Cada 10 de septiembre se conmemora el Día Mundial para la Prevención del Suicidio, una jornada impulsada por la Asociación Internacional para la Prevención del Suicidio (IASP) junto con la Organización Mundial de la Salud (OMS) que busca visibilizar el sufrimiento emocional, derribar mitos en torno a la temática y promover la detección temprana de conductas de riesgo en los distintos entornos de pertenencia de niños, adolescentes y adultos.
Una problemática de salud pública
Según datos de la OMS, cada año más de 720.000 personas se quitan la vida en el mundo y muchas más realizan intentos, lo que convierte al suicidio en la tercera causa de muerte entre los jóvenes de 15 a 29 años. El tema elegido para el período 2024-2026, «Cambiar la narrativa sobre el suicidio», apunta a derribar el estigma que todavía rodea a la temática y construir una cultura de comprensión y apoyo orientada a la prevención.
En la Argentina, las estadísticas oficiales reflejan una situación que preocupa especialmente en la franja etaria de entre 14 y 25 años. Desde el ámbito sanitario se señaló que factores como el acoso escolar, la violencia digital, el consumo de sustancias y la soledad no deseada influyen de manera directa en el estado de vulnerabilidad emocional de niños y adolescentes.
Señales de alerta a tener en cuenta
Entre las manifestaciones de vulnerabilidad emocional que suelen anteceder a una situación de riesgo se destacan el aislamiento, la persistencia de pensamientos negativos, la desesperanza, la irritabilidad, el retraimiento y los cambios repentinos en el comportamiento o en los vínculos. A esto se suman otros indicadores en la conducta cotidiana, como alteraciones en el sueño o la alimentación, conductas desafiantes o violentas, el consumo de alcohol o drogas, el abandono del cuidado personal, el deterioro del rendimiento escolar o laboral, o momentos de hiperactividad inusual utilizados como mecanismo de evasión.

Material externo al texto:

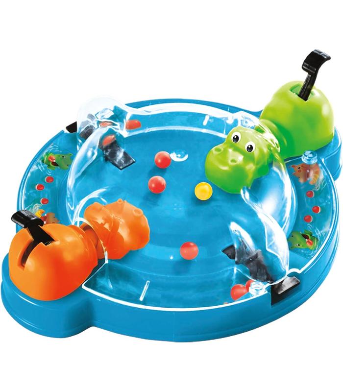 HIPOPÓTAMOS TRAGABOLAS: Al igual que en el juego de tamaño normal, los jugadores intentan ser los primeros en conseguir que su hipopótamo se coma todas las bolitas para ganar Incluye 2 hipopótamos; el juego de tamaño normal (se vende por separado) tiene 4 hipopótamos

Especialistas coinciden en que se trata de una problemática que puede afectar a cualquier persona, sin importar su edad o contexto social, aunque señalan ciertos factores asociados a un mayor riesgo, entre ellos antecedentes de intentos previos, trastornos de salud mental, consumo problemático de sustancias, situaciones de violencia o abuso, atravesar contextos de estrés significativo o el acceso a medios letales en el hogar. También remarcan que quienes atraviesan pensamientos suicidas suelen sentir que buscan alejarse de una situación de vida que perciben como imposible de manejar, muchas veces atravesados por sentimientos de vergüenza, culpa o soledad.
Cuando se detecta una ideación o un intento suicida, la respuesta debe ser interdisciplinaria e integral, e involucrar tanto a la familia como al ámbito escolar para construir una red de contención adecuada. En los casos de riesgo agudo, esa respuesta puede incluir una internación terapéutica como medida de protección.
Dónde pedir ayuda en Tandil
A nivel local, el Hospital Municipal Ramón Santamarina cuenta con guardia activa de salud mental, un dispositivo que garantiza la presencia permanente de psicólogos y psiquiatras en el área de emergencias para atender situaciones de crisis. Ante una urgencia, se puede acudir directamente a la guardia del hospital o comunicarse con el número de emergencias del Sistema Integrado de Salud Pública (SISP) al 107. Además, quienes ya se encuentran en tratamiento pueden consultar en los Consultorios Externos de Salud Mental del SISP, que atienden a adolescentes y adultos de la ciudad.